Zaledwie jedna trzecia Palestyńczyków i jedna czwarta Izraelczyków wciąż wierzy w ten model, a większość pozostaje sceptyczna. Główne przeszkody pozostają niezmienne od lat: status Jerozolimy, ekspansja osiedli, wymogi bezpieczeństwa Izraela oraz prawo powrotu dla palestyńskich uchodźców.

Jak wyjaśnia dr Khalifa, „to wynik braku nadziei”. – Do roku 2000 poparcie dla rozwiązania dwupaństwowego było bardzo wysokie. Później zaczęło spadać, ponieważ Palestyńczycy przestali widzieć po stronie Izraela wolę realizacji tego planu – wskazuje.

– Izrael stosuje przemoc i blokuje wszelkie możliwości rozwoju na Zachodnim Brzegu – zarówno administracyjnego, jak i gospodarczego. Wojsko izraelskie bombarduje domy i budynki cywilne pod pretekstem braku zezwoleń na budowę – mimo iż mowa o palestyńskim terytorium – mówi ambasador.

Polityka faktów dokonanych

Zachodni Brzeg Jordanu, najważniejszy dla przyszłego państwa palestyńskiego, jest areną dynamicznych i nieodwracalnych zmian. Mieszka tam w tej chwili około 2,7 miliona Palestyńczyków oraz ponad 670 tysięcy izraelskich osadników.

Tylko w latach 2024-2025 władze Izraela zatwierdziły budowę blisko 20 810 nowych jednostek mieszkaniowych, a od 2023 roku powstało ponad 28 nieautoryzowanych osiedli, co przyspiesza fragmentację terytorialną.

Według Khalify Izrael „nasilając grabież palestyńskiej ziemi, rozbudowuje osadnictwo na Zachodnim Brzegu i odcina poszczególne miasta od siebie. W efekcie Zachodni Brzeg staje się mozaiką małych gett, między którymi Palestyńczycy nie mogą się przemieszczać bez izraelskiego pozwolenia”.
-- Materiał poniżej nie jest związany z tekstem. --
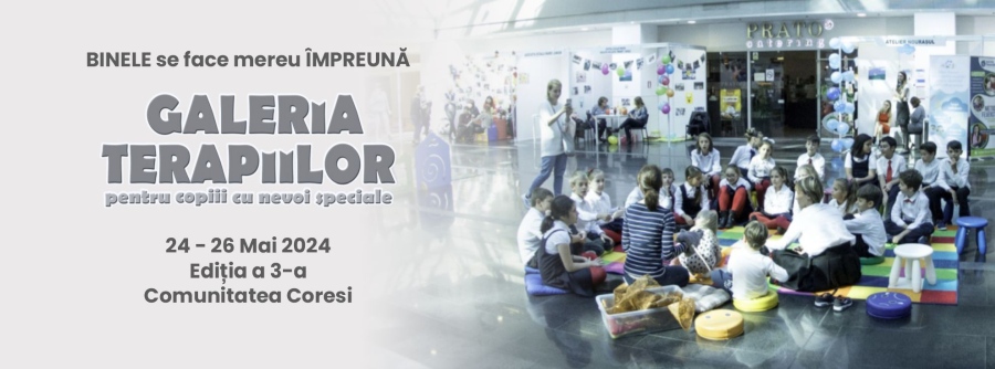 Specialiști și Terapeuți: Puteți opta să participați cu un stand de prezentare în cadrul Galeriei terapiilor care va avea loc în 24 și 25 mai în Piața cu copaci, în Coresi Shopping Mall pentru a interacționa live și a comunica direct cu famiile interesate să cunoască terapii noi și terapeuți de încredere.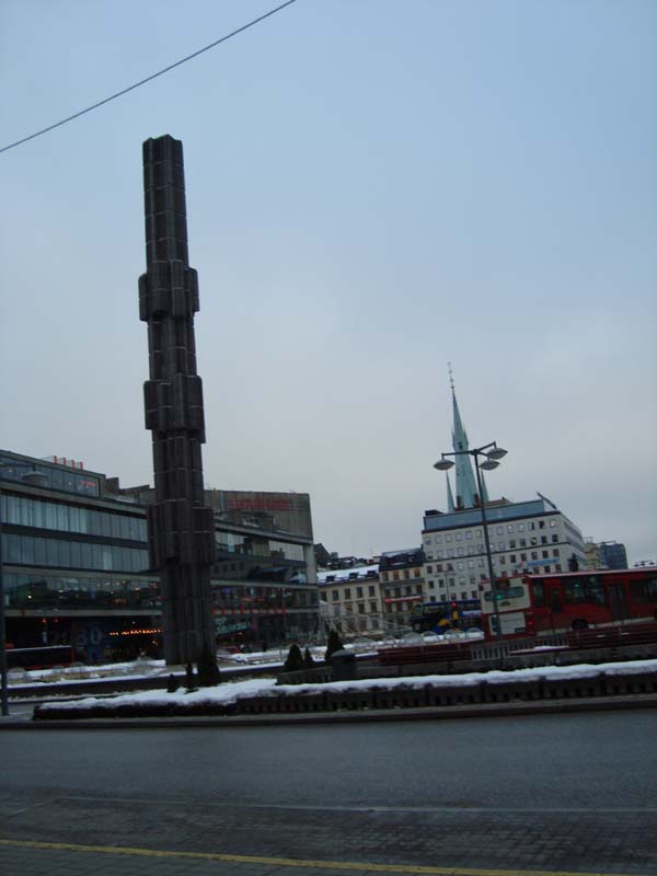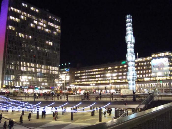 Из Гамла Стана прошли на центральную площадь Сергельторг. Вечером она смотрелась гораздо веселее, чем днем, особенно странная стелла в центре площади. Вечером она вся светилась и выглядела очень даже ничего.

Politykę tę napędzają kluczowi izraelscy politycy, tacy jak minister finansów Bezalel Smotrich (Syjonizm Religijny) i Jariw Lewin (Likud), podczas gdy Siły Obronne Izraela (IDF) umacniają obecność wojskową. Po stronie palestyńskiej, zarządzająca wybranymi obszarami, walczy z wewnętrznymi podziałami i spadkiem legitymacji.

Permanentny stan zagrożenia jako strategia polityczna

Biuro Koordynacji Spraw Humanitarnych ONZ i Human Rights Watch ostrzegają, iż kontynuacja agresywnej polityki Izraela ostatecznie podważa możliwość utworzenia zdolnego do życia państwa palestyńskiego.

„Utrzymanie status quo lub jednostronna aneksja mogą utrwalić podziały, wywołać szerszą niestabilność i potencjalnie doprowadzić do większych konfliktów regionalnych”, wskazuje ONZ.

Ekspansji osadniczej towarzyszy drastyczny wzrost przemocy. Statystyki są zatrważające: „wskaźniki poważnych urazów i zgonów wśród ludności palestyńskiej są znacznie wyższe niż wśród Izraelczyków, a współczynniki względnego ryzyka przekraczają pięć dla zgonów i szesnaście dla obrażeń”, podaje ONZ.

Odnotowuje się średnio cztery ataki osadników dziennie, a ponad 6200 Palestyńczyków przymusowo przesiedlono w wyniku operacji wojskowych i przemocy.

Trzy systemy prawne na jednym terytorium

Palestyńczycy podlegają izraelskiemu prawu wojskowemu, podczas gdy osadnicy – prawu cywilnemu. Ryzyko zbiorowej kary, w tym rozbiórki domów i przymusowe przesiedlenia, jest stałym elementem życia na Zachodnim Brzegu. – To już nie jest kwestia prawa, ale apartheidu – ocenia ambasador Khalifa.

– Osadnik – czyli kolonizator – może w każdej chwili strzelać do Palestyńczyków, choćby cywilów, tłumacząc to poczuciem zagrożenia. Osadnicy mają wszystkie prawa, a Palestyńczycy – żadne – dodaje.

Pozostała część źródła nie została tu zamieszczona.